Data records →
BEGIN
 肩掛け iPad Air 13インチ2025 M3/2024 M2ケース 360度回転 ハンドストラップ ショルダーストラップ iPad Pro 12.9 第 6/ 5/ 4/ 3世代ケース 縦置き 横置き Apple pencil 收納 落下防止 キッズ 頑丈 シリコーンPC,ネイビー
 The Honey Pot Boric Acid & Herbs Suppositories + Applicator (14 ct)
END
BEGIN
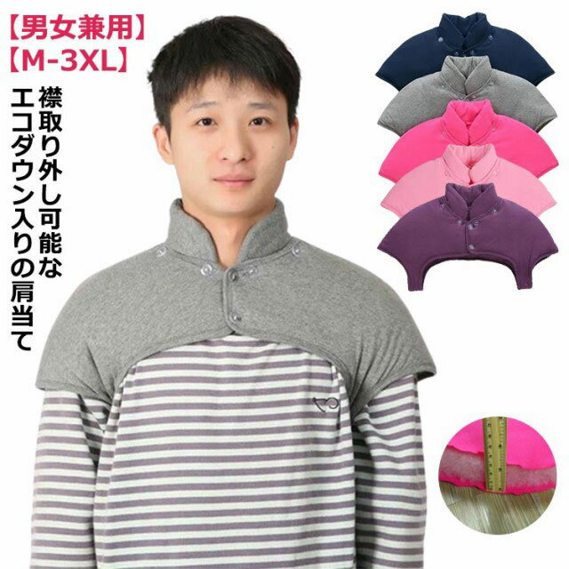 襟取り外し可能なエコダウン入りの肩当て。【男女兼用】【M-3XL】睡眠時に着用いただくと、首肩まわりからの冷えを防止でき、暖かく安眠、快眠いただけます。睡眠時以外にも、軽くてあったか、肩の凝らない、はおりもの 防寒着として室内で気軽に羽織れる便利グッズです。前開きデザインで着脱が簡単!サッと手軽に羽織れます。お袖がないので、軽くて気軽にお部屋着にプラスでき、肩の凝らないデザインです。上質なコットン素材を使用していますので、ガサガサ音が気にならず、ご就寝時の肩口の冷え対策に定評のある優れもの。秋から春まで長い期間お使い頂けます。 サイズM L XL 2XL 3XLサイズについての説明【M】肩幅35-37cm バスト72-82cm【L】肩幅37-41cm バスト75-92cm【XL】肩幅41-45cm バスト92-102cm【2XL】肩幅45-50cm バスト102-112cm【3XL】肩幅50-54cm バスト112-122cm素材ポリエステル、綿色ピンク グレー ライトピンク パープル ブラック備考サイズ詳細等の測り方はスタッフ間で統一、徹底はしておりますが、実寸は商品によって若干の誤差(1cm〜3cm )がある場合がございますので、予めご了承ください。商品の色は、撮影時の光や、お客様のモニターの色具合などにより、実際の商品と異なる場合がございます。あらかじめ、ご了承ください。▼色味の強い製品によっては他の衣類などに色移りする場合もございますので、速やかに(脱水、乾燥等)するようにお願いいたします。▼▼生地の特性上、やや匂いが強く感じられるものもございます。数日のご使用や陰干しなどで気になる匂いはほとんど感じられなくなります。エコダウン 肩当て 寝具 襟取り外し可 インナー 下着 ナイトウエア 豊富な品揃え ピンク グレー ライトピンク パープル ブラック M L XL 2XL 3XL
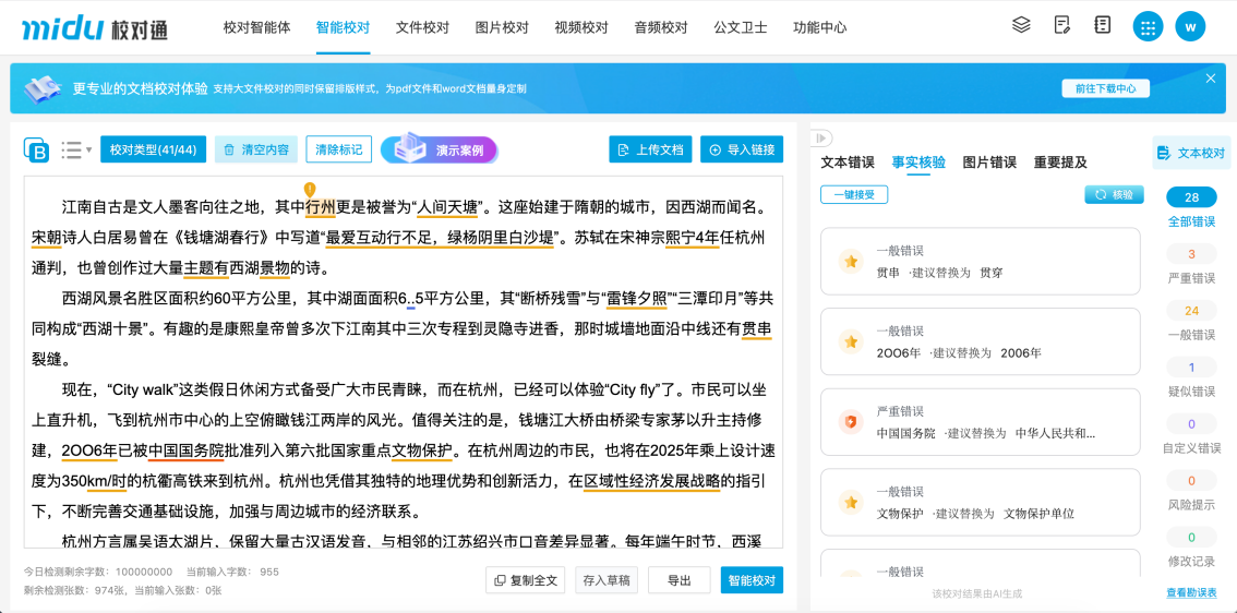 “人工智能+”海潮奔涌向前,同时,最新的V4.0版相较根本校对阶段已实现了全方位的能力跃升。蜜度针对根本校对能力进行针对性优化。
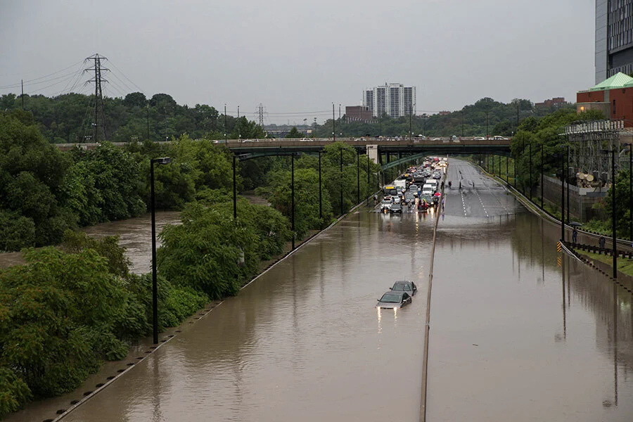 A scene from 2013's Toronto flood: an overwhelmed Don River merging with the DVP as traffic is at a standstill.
END
Activity → Please give back exactly the lines of this listing beginning at the line with "肩掛け iPad Air" and ending with the line with "The Honey Pot", both included, and nothing else.

Answer to this task →
 肩掛け iPad Air 13インチ2025 M3/2024 M2ケース 360度回転 ハンドストラップ ショルダーストラップ iPad Pro 12.9 第 6/ 5/ 4/ 3世代ケース 縦置き 横置き Apple pencil 收納 落下防止 キッズ 頑丈 シリコーンPC,ネイビー
 The Honey Pot Boric Acid & Herbs Suppositories + Applicator (14 ct)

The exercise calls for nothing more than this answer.